Sunday, April 13, 2008

Yikes! Forget Chastity Belts...

From Rapex: the internal anti-rape device | Features | The First Post :

The words of a rape victim - "If only I had teeth down there" - have inspired the design of a new anti-rape device.

Rapex - dubbed the 'rape trap' - is a product worn internally by women. The hollow inside is lined with rows of razor-sharp hooks, which are designed to latch on to a rapist's penis during penetration. They can only be removed by a doctor.

The product will be on the shelves of South African chemists and supermarkets later this month. South African mother-of-two Sonette Ehlers developed the original prototype in 2005 but has struggled to get it patented and approved for sale, not least because of staunch opposition from feminist groups.

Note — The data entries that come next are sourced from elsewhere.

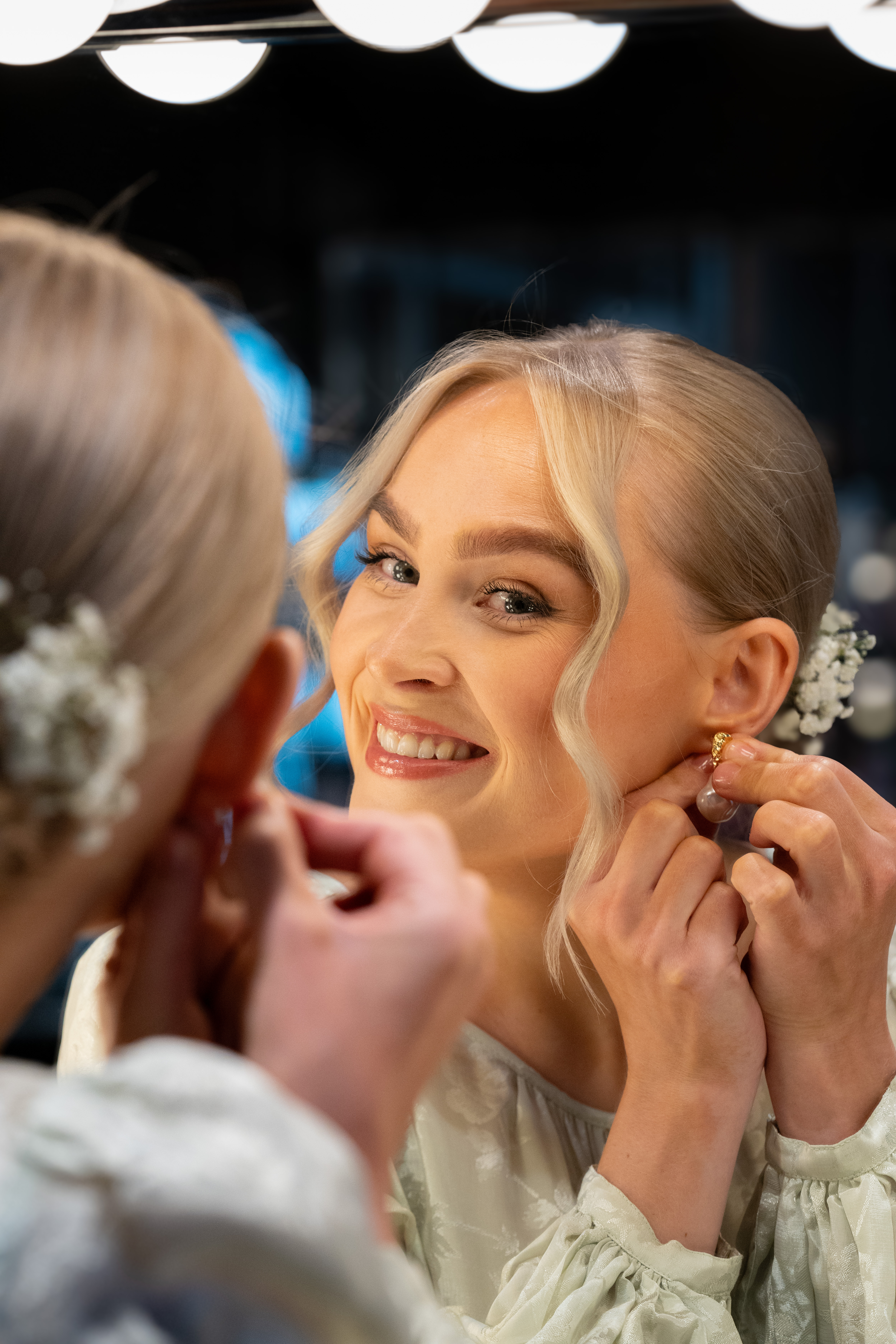 Forberedelser kan eksempelvis være at jeg møter på morgenen og fotograferer sminke, styling, påkledning og lignende. Vi avslutter med portretter etter vielsen. Brudeparet får 160 bilder ferdigbehandlet i farger og sort-hvitt.
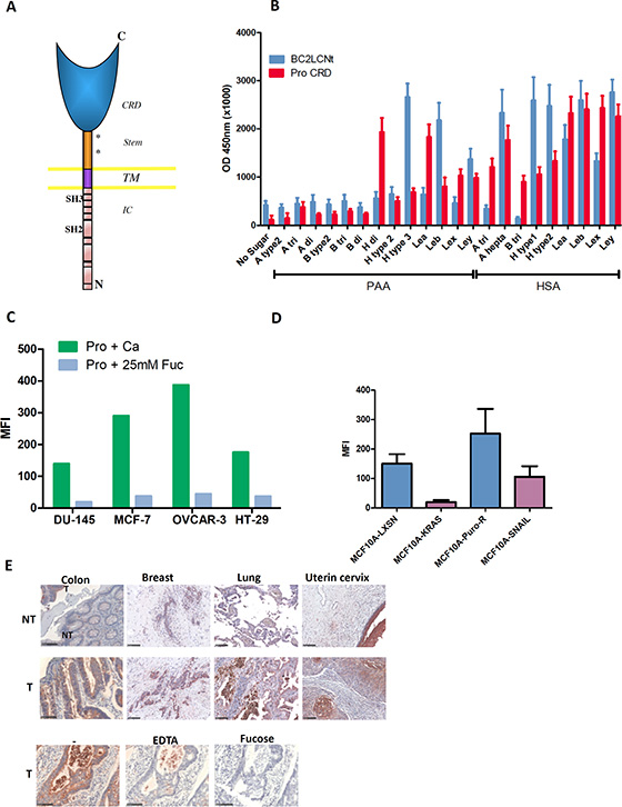 Figure 4: Prolectin is a human C-type lectin that recognizes similar fucosylated ligands as BC2L-C-Nt and efficiently binds to tumor cell lines and tumor tissues. (A) Diagram of Prolectin structure (CRD: carbohydrate recognition domain; TM: transmembrane domain; IC: intra-cytoplasmic domain). (B) Glycan binding assay of prolectin and BC2L-C-Nt. Plates coated with a series of fucosylated HBGAs conjugated to HSA or PAA were probed with either biotinylated-BC2L-C-Nt followed by Avidin-HRP or tetramers of biotin-prolectin CRD bound to streptavidin-HRP. The results shown are the mean and SEM of three independent experiments. (C) Flow cytometry staining of tumor cell lines from various origins. Tetramers of biotinylated-prolectin CRD in complex with streptavidin-PE, pre-incubated in the absence of sugar or with L-fucose, were bound to the indicated cell lines, which were then analyzed by flow cytometry. The bar histogram shows the mean fluorescence intensities. Results are representative of at least two experiments. (D) Prolectin preferentially stains epithelial cell lines. The epithelial/mesenchymal cell lines pairs MCF10A-LXSN/MCF10A-Kras(v12) and MCF10A-PuroR/MCF10A-SNAIL were stained with prolectin as described above. Means and SEM of three independent experiments are shown (E) Prolectin binding to tumor tissues. Tetramers of biotinylated-prolectin CRD conjugated with streptavidin-HRP were incubated on fixed tissue sections from different tumor (T) or adjacent normal (NT) tissues. To control for the involvement of specific glycan binding in the prolectin staining, colon tumor sections were stained as above after prolectin tetramers were incubated with Ca2+, EDTA or Ca2++ L-fucose. Colon tissues had been fixed in ethanol whereas breast, lung and uterine tissues were from formalin-fixed TMAs. Magnifications of 20× are shown (the black bars represent 100 μm).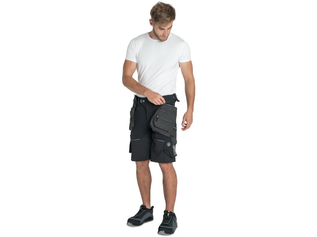 • pánske pracovné šortky s elastickým pásom s 2 bočnými odnímateľnými multifunkčnými "lietajúcimi" vreckami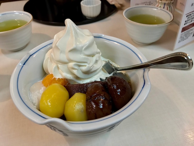 Chestnut anmitsu with soft serve ice cream - a seasonal special. - image © Florentyna Leow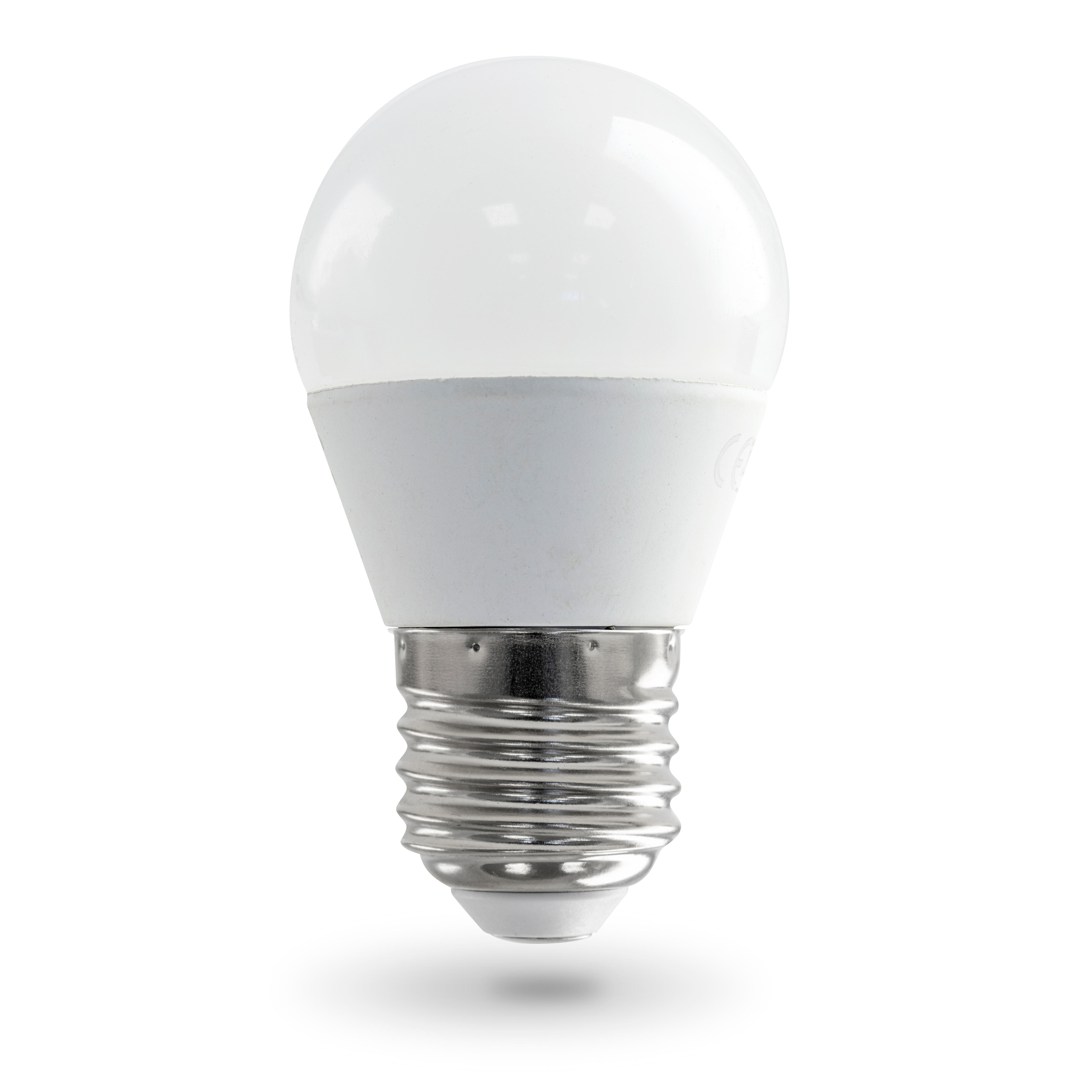 Bombilla LED esférica de 4W. Casquillo E27. Potencia lumíncia 512 lúmenes. Vida útil 15000 horas. Temperatura de color 4000ºK. Neutra. Diámetro 45mm. Largo 84mm.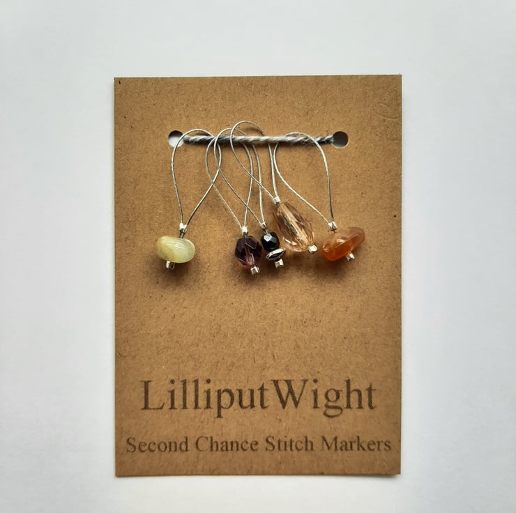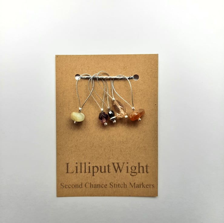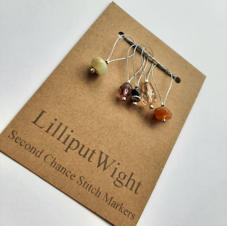 Thin beading wire is used to make the stitch marker loops meaning that they slide easily along your needles with crimps holding the beads in place. They will sit happily on a needle up to 7mm.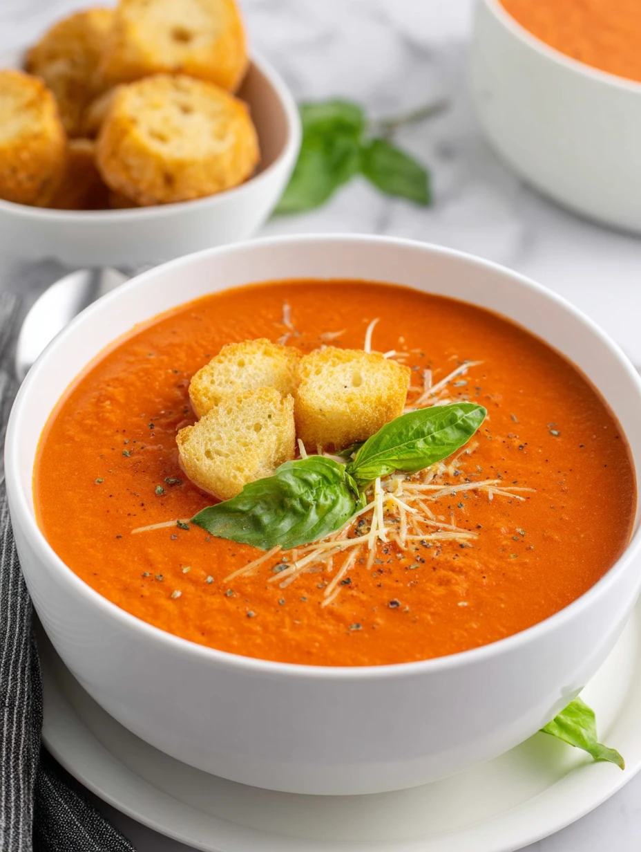 Serve hot, topped with croutons, shredded Parmesan, and fresh basil. It pairs perfectly with a crusty grilled cheese sandwich or a slice of sourdough bread.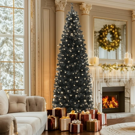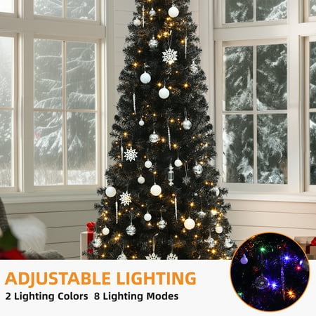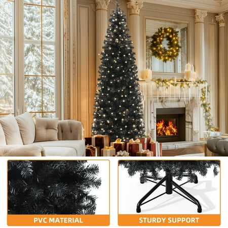 Product Description Add a modern twist to your holiday decor with our sleek black artificial pencil Christmas tree. Ideal for Christmas, Halloween, or any festive celebration, this space-saving tree features a slim profile that fits seamlessly into corners. Pre-lit with 200 LED lights and 8 lighting modes, it creates the perfect ambiance with a touch of a button. With 700 branch tips, it's lush, customizable, and effortlessly assembled with a sturdy X-shaped iron stand. Highlights -Pre-Lit Brilliance -Slim Pencil Shape -Durable Quality -Easy Assembly & Enhanced Stability Specifications Material: Polyvinyl Chloride Size:6FT Product Dimensions: 25.59"D x 25.59"W x 72"H Item Weight:9.8 Pounds Special Feature: Foldable, Prelit Seasons: Winter Recommended Uses For Product: Christmas, Home decoration Occasion: Christmas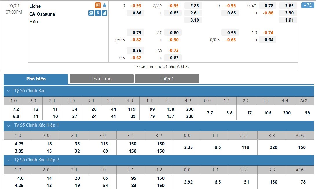 Soi kèo tài xỉu, kèo tỷ số Elche vs Osasuna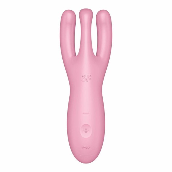 Satisfyer Threesome 4 to wibrator typu lay-on, który zapewnia szeroką i intensywną stymulację łechtaczki oraz warg sromowych. Trzy mocne silniki umieszczone w elastycznych ramionach równomiernie rozprowadzają wibracje: dwa boczne ramiona otulają wargi sromowe, a środkowe ramię skupia się na łechtaczce, oferując dodatkowe wrażenia przy jego opuszczeniu.
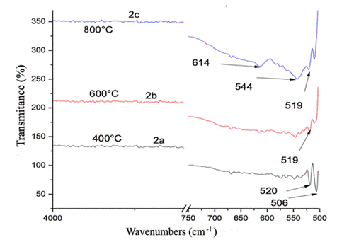 The sample calcined at 800ºC shows a higher transmission percentage and peaks, indicating the stretches of the M-O (Cr-O) bond at 519, 544, and 614 cm-1, confirming the formation of Cr-O bonds in the chromium oxide (Gibot, 2020; Zhang et al., 2014).

I'm not sure if I'm scared, appalled, amused or intrigued by this thing. Mostly amused, I think.  The thought of the consequence to a guy who sticks his junk where it shouldn't be is oddly apropos. How exactly does he explain that? "Uhh, doc, can you get this plastic cage off my johnson?"

One of the fears some have about it's use is that the guy who gets "trapped" will only get more violent. No way. We're talking hard plastic barbs digging into his willy. Pain there will pretty much stop a guy dead in his tracks. Certainly long enough to let the potential victim run for safety.

But there is a sad element to this - the reason it was created. The device was created to help the 1.7 million South African women who are raped each year and live in fear. Some may say it is more vengeful than preventative, and there's some truth to that. Until they are so prevalently used that rapists fear injury, they won't work as a deterrent. So at best, it will stop the act from going too far. In some cases, this will minimize physical injury to the victim, but not the emotional scars.

So, while the device does get me to chuckle, it also reminds me that there are still places where women aren't safe, and that saddens me. There are organizations working to end this abuse. Check out SADF, and donate if you can. They work to improve conditions for people in South Africa. You can even choose a specific grantee, such as the Greater Nelspruit Rape Intervention Programme (GRIP).